## WORK ITEM
The line containing "Bei der Urbacher" and every line after it to the end of the records: set those down exactly, without any pictures.

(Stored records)
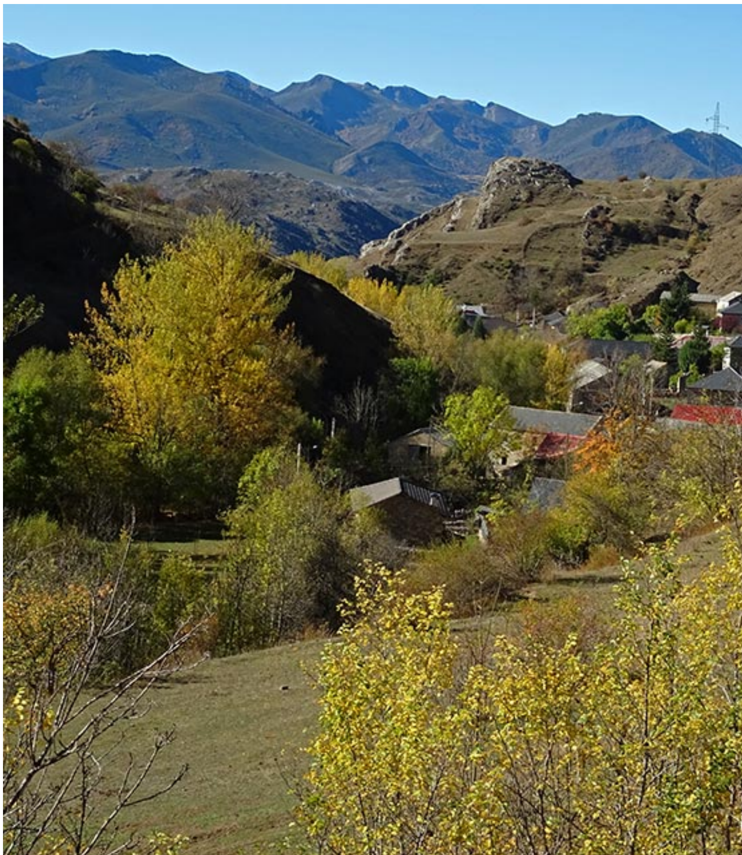
Aldea de Pinos
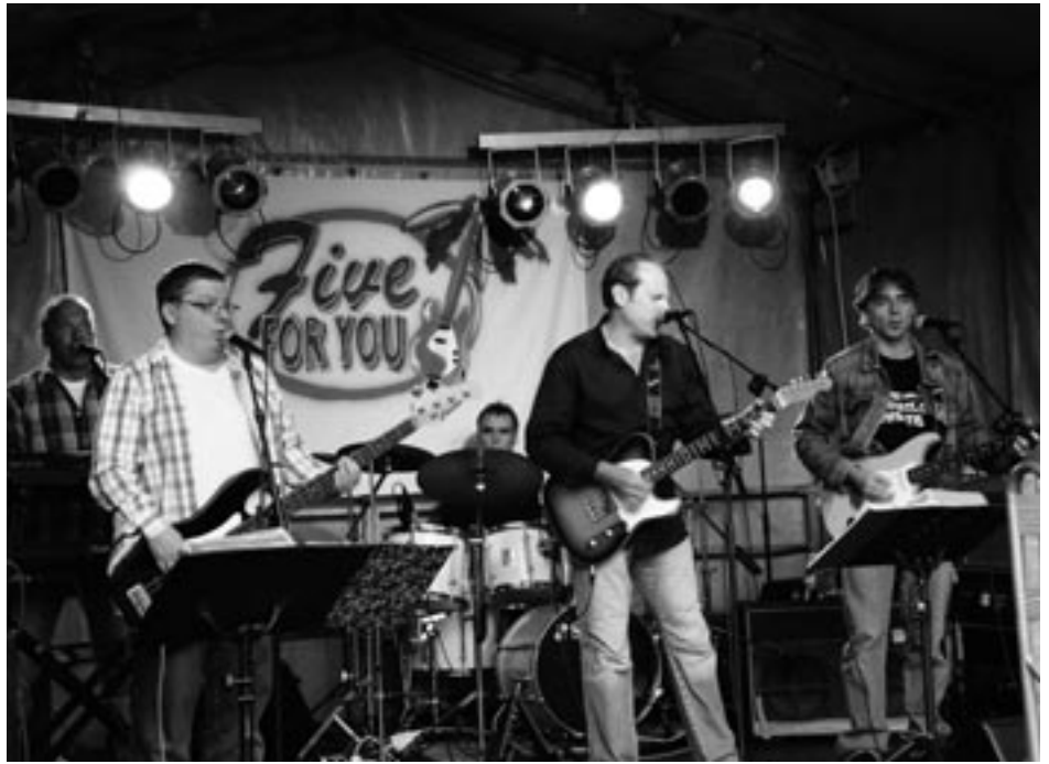
Die „FIVE FOR YOU“ spielten selbst ihren Gästen bei der Geburtstagsfeier in der Alten Schulturnhalle in Hassel auf.
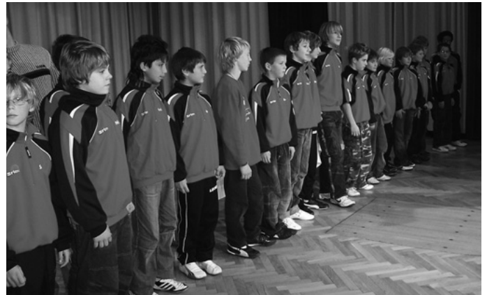
Bei der Urbacher Sportlerehrung zeichnet Bürgermeister Jörg Hetzinger 139 Kinder und Jugendliche und 98 Erwachsene für Ihre sportlichen Erfolge aus; hier die Fußball D-Jgd. des SC Urbach aus der Saison 2006/2007.
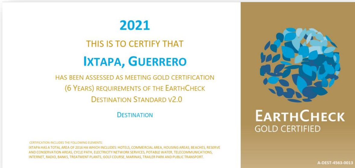
Certificación EarthCheck de Ixtapa, Guerrero.
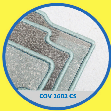
COV 2602 CS

## RESULT
Bei der Urbacher Sportlerehrung zeichnet Bürgermeister Jörg Hetzinger 139 Kinder und Jugendliche und 98 Erwachsene für Ihre sportlichen Erfolge aus; hier die Fußball D-Jgd. des SC Urbach aus der Saison 2006/2007.
Certificación EarthCheck de Ixtapa, Guerrero.
COV 2602 CS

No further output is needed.